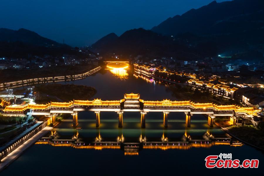 Photo taken on Dec.19, 2021 shows the bright lights of Zhuoshui Fengyu, known as Asia's longest covered bridge, in Qianjiang District, southwest China's Chongqing Municipality. (Photo: China News Service/He Penglei)
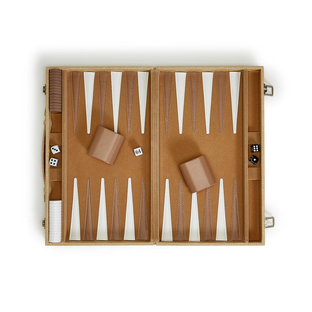 This backgammon set game is the perfect classical board game to take with you anywhere! The backgammon board game comes with a premium vegan leather playing field with leatherette pips and organizational sections for checkers and accessories. Features such a warm natural color palette.
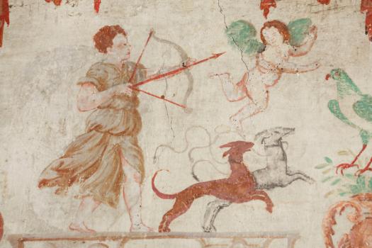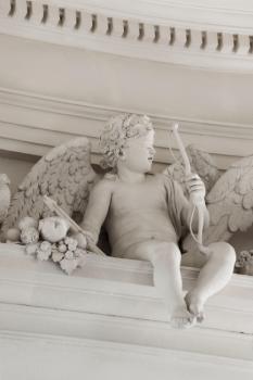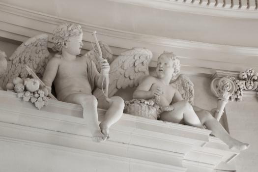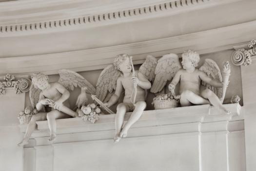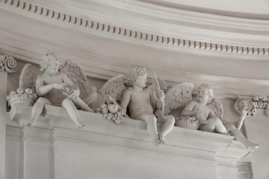 Château de Maisons, escalier, groupe de putti illustrant l'amour, détail

— Prompt —
Drop the pictures and give every line above again exactly.

— Solution —
 Photo taken on Dec.19, 2021 shows the bright lights of Zhuoshui Fengyu, known as Asia's longest covered bridge, in Qianjiang District, southwest China's Chongqing Municipality. (Photo: China News Service/He Penglei)
 This backgammon set game is the perfect classical board game to take with you anywhere! The backgammon board game comes with a premium vegan leather playing field with leatherette pips and organizational sections for checkers and accessories. Features such a warm natural color palette.
 Château de Maisons, escalier, groupe de putti illustrant l'amour, détail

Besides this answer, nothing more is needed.